Now, as much as I appreciate the inclusion of the original version of The Evil Dead in the pantheon of horror movies, and enjoy the low-budget craftiness and concept of the film, I’ve only ever been a casual fan, largely due to the last third of the film devolving into non-stop witchy cackling, spewing blood, melting faces, and various other forms of jetting viscera and cracking, crumbling bones.

Old Evil Dead

Old-school, drug-free evil.

The simple premise of the original film could be characterized as, ‘whoops, our group of five friends tried to have a fun weekend getaway at a rustic rental cabin, but by messing with a book and tapes we found in the basement, accidentally awakened an ancient evil that has trapped us here and is now infesting/killing us all.’

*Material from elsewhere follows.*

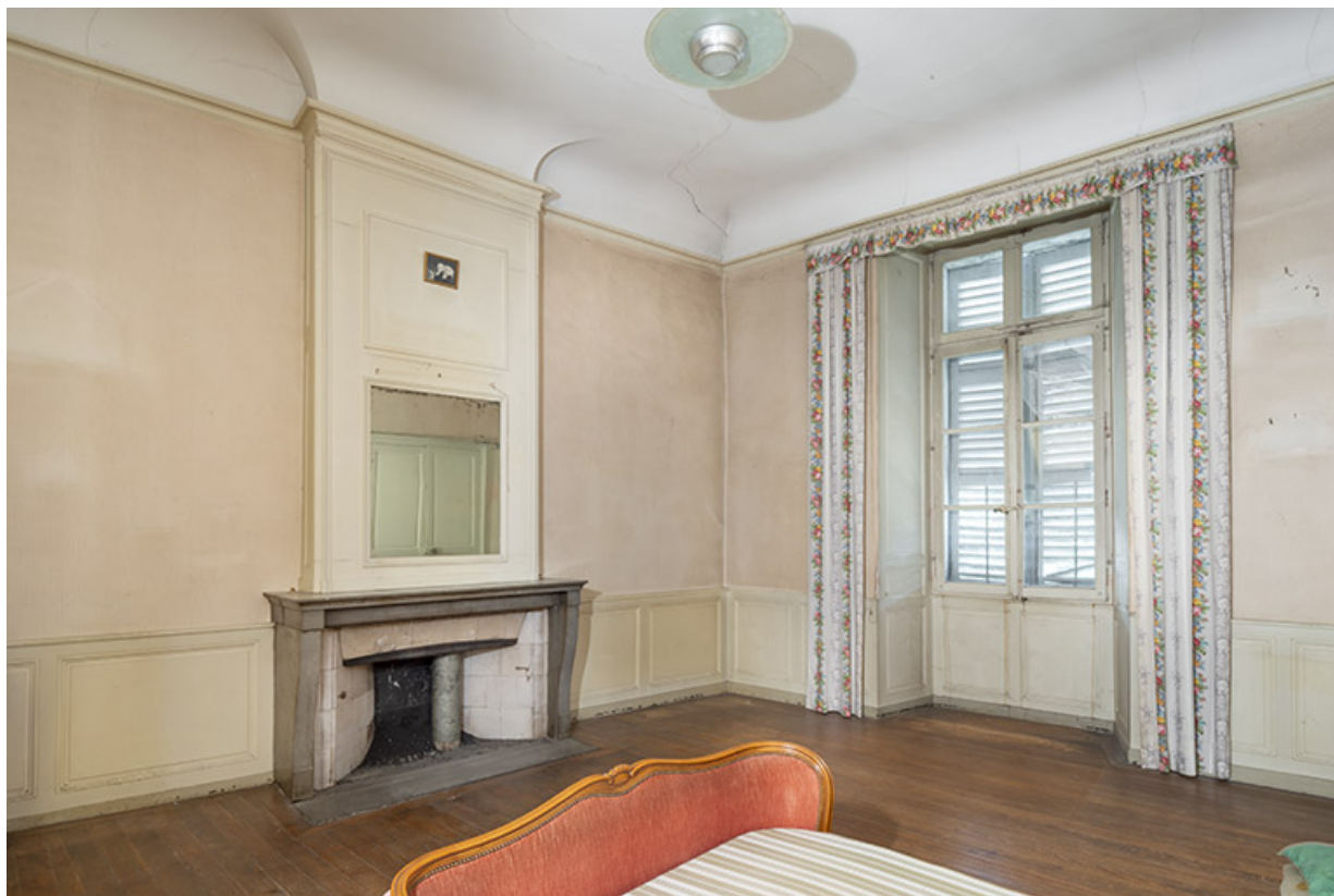
Chambre du premier étage (aile nord). Vue de trois quarts.

39, Salins-les-Bains, 13 rue de la Liberté

The crafters of the remake decided to add layers of ‘sophistication’, to make the story much more drab and burdensome, so that the premise becomes, ‘our group of five friends, including a brother-sister pair and the brother’s nurse girlfriend have to go to the brother-sister pair’s family cabin where everyone can pitch in to help the sister kick her heroin habit (again), following the brother-sister pair’s mother’s death, and after discovering that somebody set fire to the basement and hung numerous dead cats there, and, whoops, the biggest nerd among us found a book wrapped in barbed wire, that he cut open and started messing with/reading/reciting from, accidentally awakening an ancient evil that trapped us here and is now infesting/killing us all.’

Like with the child-rape angle of the Nightmare on Elm Street remake, the family-cabin/addiction/nurse angle of The Evil Dead remake drains the fun out of the original movie, trying to make cackling, possessed, trap-door-pounding twenty-somethings serious, just-say-no business.

To get back to the habits I mentioned being at the center of the problems with the reboot of The Evil Dead

The reboot tries to make heroin addiction a central plot device. Of course, addiction of any sort can certainly be horrific. But the writers/filmmakers here don’t actually commit to the drug abuse as something that is frightening. Rather, they use addiction as part of a hokey empowerment narrative that can best be described as ‘an addict becomes infected with evil because of her idiotic nerd friend and finds the kind of inner strength none of her sober friends/family members have, not only to expel the evil from her own body, but to just plain kick its ass’.

New Evil Dead

New and improved evil!  Now with addiction!

Early on, I thought the addiction might become some kind of clever metaphor for making the kinds of errors in judgment that lead to evil infesting one’s body, that there might be some wild, conceptual departure from the original film. But that hope was quickly shattered. The addiction of one among them just becomes an excuse for everybody else in the party to dismiss whatever the addict says/feels, and to engage in all manner of their own irrational behavior and stupid decisions.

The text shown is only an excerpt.